• Exercise input:
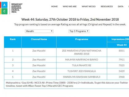 ब्रॉडकास्ट ऑडियन्स रिसर्च काऊन्सिल इंडियाच्या रिपोर्टनुसार यंदाच्या आठवड्यात झी मराठी उत्सव नात्याचा पुरस्कार २०१८ या कार्यक्रमाने बाजी मारली आहे.
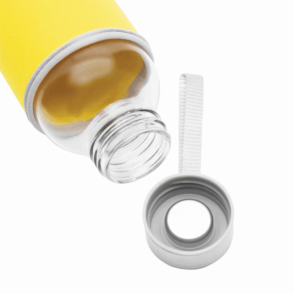 Glass bottle TAKE WELL: screw-on lid and carrying loop, incl. coloured protective sheath, capacity approx. 450 ml, in a box
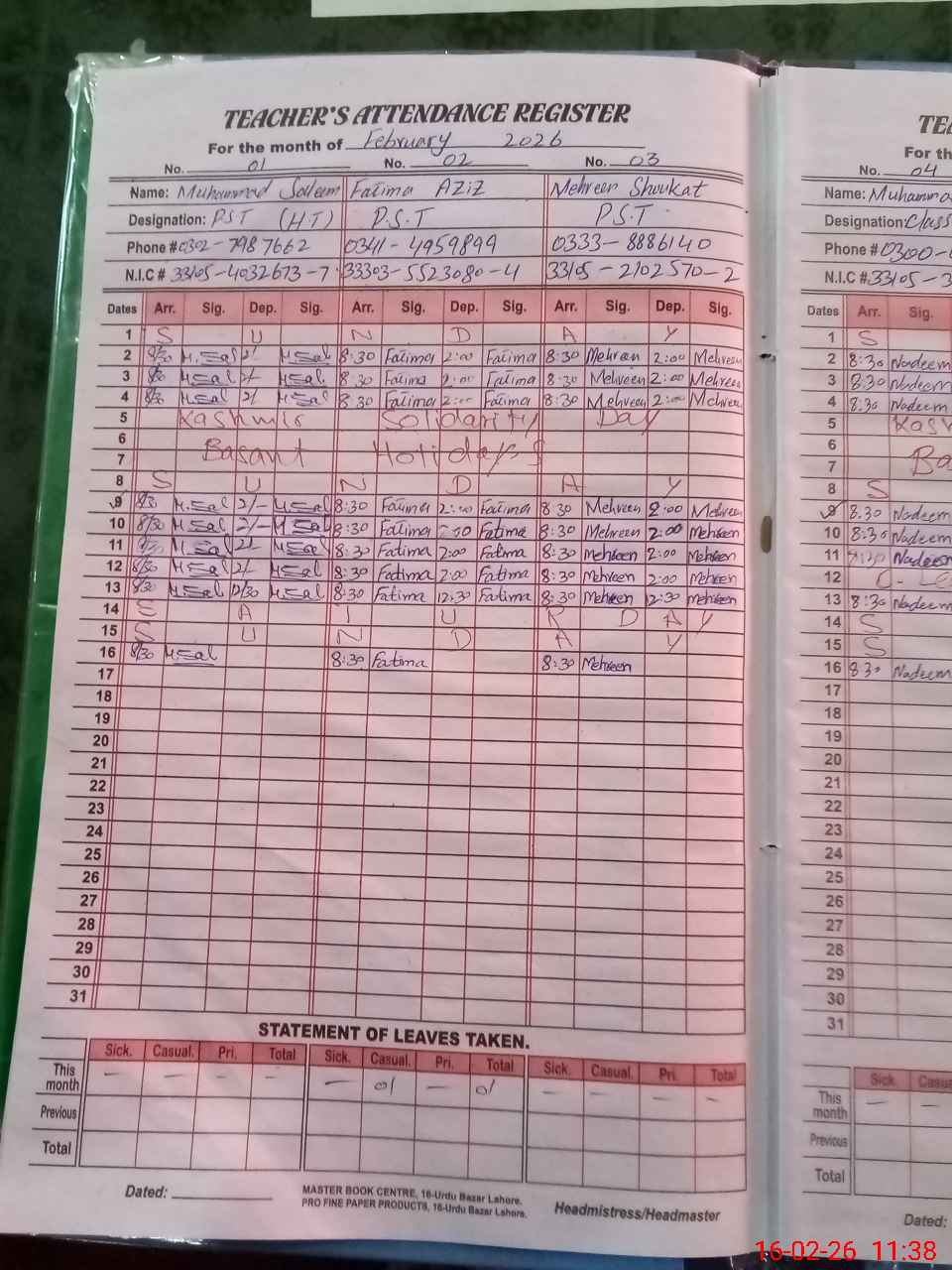 | Name: MU**** SA**** Designation: (School Headmaster's/Headmistress's) PST Phone/Cell Number: 03**** |
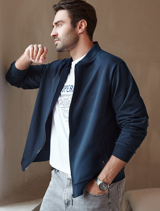 — Vilatte Бомбер из тонкого премиального футера с эластаном U49.034 т.синий
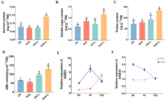 Figure 5. Exogenous AsA increased the accumulation of soluble sugars, proline, and ABA in tomato seedlings under LT. (A) Soluble sugar content. (B) Sucrose content. (C) Proline content. (D) Endogenous ABA content. (E) SlABI3 expression level. (F) SlABA3 expression level. Data are presented as the means of 3 biological replicates; different letters indicate significant difference at p-value < 0.05 using one-way ANOVA test.
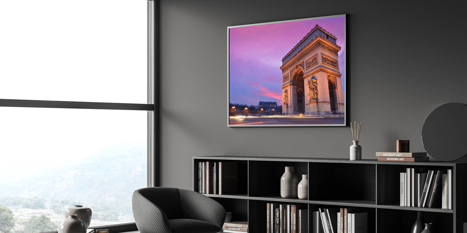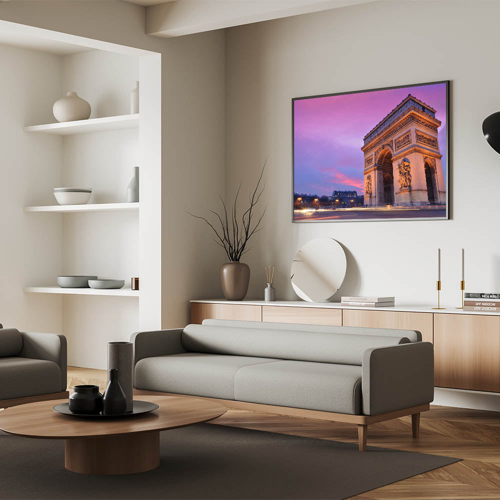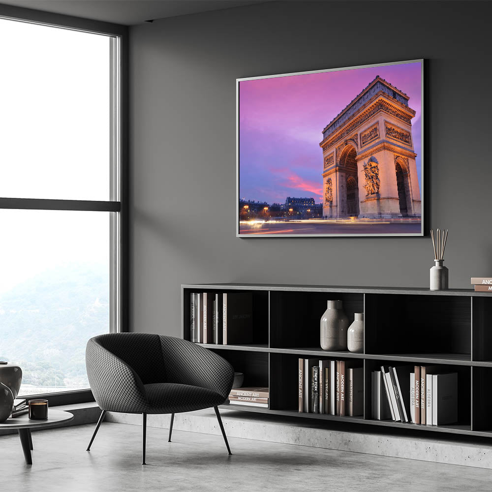 Transform your living space with this beautiful Paris artwork, featuring the iconic Arc de Triomphe at dusk. The Paris cityscape in this piece captures the romance and charm of the French capital, with sunset hues painting the sky in stunning pink and purple tones. Whether you're looking for high-quality Paris prints for your home or office, this captivating piece will make a statement in any room.
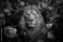 Fototapeta Lion portrait with flowers and leaves. Creative animal portrait. Generative Ai

• Work request: Print the data exactly as written, dropping any images it holds.

• Task result:
 ब्रॉडकास्ट ऑडियन्स रिसर्च काऊन्सिल इंडियाच्या रिपोर्टनुसार यंदाच्या आठवड्यात झी मराठी उत्सव नात्याचा पुरस्कार २०१८ या कार्यक्रमाने बाजी मारली आहे.
 Glass bottle TAKE WELL: screw-on lid and carrying loop, incl. coloured protective sheath, capacity approx. 450 ml, in a box
 | Name: MU**** SA**** Designation: (School Headmaster's/Headmistress's) PST Phone/Cell Number: 03**** |
 — Vilatte Бомбер из тонкого премиального футера с эластаном U49.034 т.синий
 Figure 5. Exogenous AsA increased the accumulation of soluble sugars, proline, and ABA in tomato seedlings under LT. (A) Soluble sugar content. (B) Sucrose content. (C) Proline content. (D) Endogenous ABA content. (E) SlABI3 expression level. (F) SlABA3 expression level. Data are presented as the means of 3 biological replicates; different letters indicate significant difference at p-value < 0.05 using one-way ANOVA test.
 Transform your living space with this beautiful Paris artwork, featuring the iconic Arc de Triomphe at dusk. The Paris cityscape in this piece captures the romance and charm of the French capital, with sunset hues painting the sky in stunning pink and purple tones. Whether you're looking for high-quality Paris prints for your home or office, this captivating piece will make a statement in any room.
 Fototapeta Lion portrait with flowers and leaves. Creative animal portrait. Generative Ai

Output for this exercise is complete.